▸ **Work order**: Set down all of the data exactly. Pictures stay out of the copy.

▸ **Given material**:
++++++

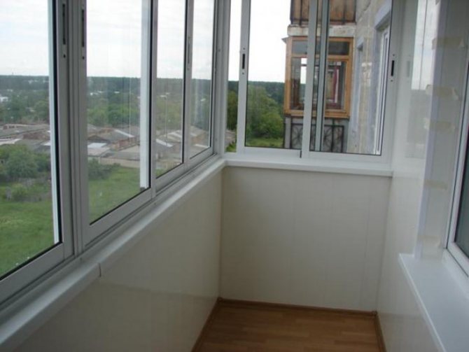 - La conception du vitrage extérieur, s'étendant vers l'extérieur au-delà du périmètre du parapet du balcon, vous permet d'installer un large rebord de fenêtre (jusqu'à 40 cm) et en même temps de ne pas occuper la surface utilisable de la pièce.
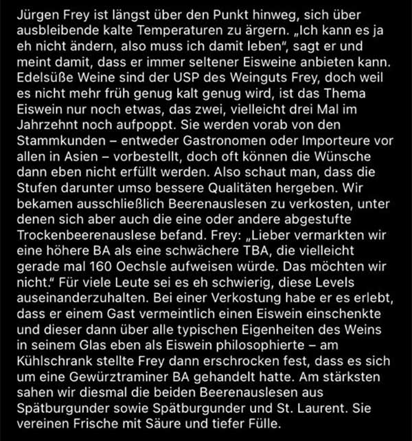 Was auch an der besser hervorgebrachten Säure liegen mag, die den Weinen guten Schliff gibt. Uns hat es, neben den Eisweinen, besonders die Spätburgunder Trockenbeerenauslese angetan.
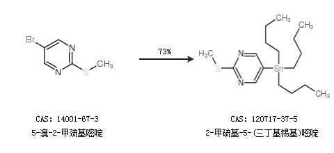 2.通過5-溴-2-甲巰基嘧啶合成2-甲硫基-5-(三丁基錫基)嘧啶,收率約73%;

++++++

▸ **Written response**:
 - La conception du vitrage extérieur, s'étendant vers l'extérieur au-delà du périmètre du parapet du balcon, vous permet d'installer un large rebord de fenêtre (jusqu'à 40 cm) et en même temps de ne pas occuper la surface utilisable de la pièce.
 Was auch an der besser hervorgebrachten Säure liegen mag, die den Weinen guten Schliff gibt. Uns hat es, neben den Eisweinen, besonders die Spätburgunder Trockenbeerenauslese angetan.
 2.通過5-溴-2-甲巰基嘧啶合成2-甲硫基-5-(三丁基錫基)嘧啶,收率約73%;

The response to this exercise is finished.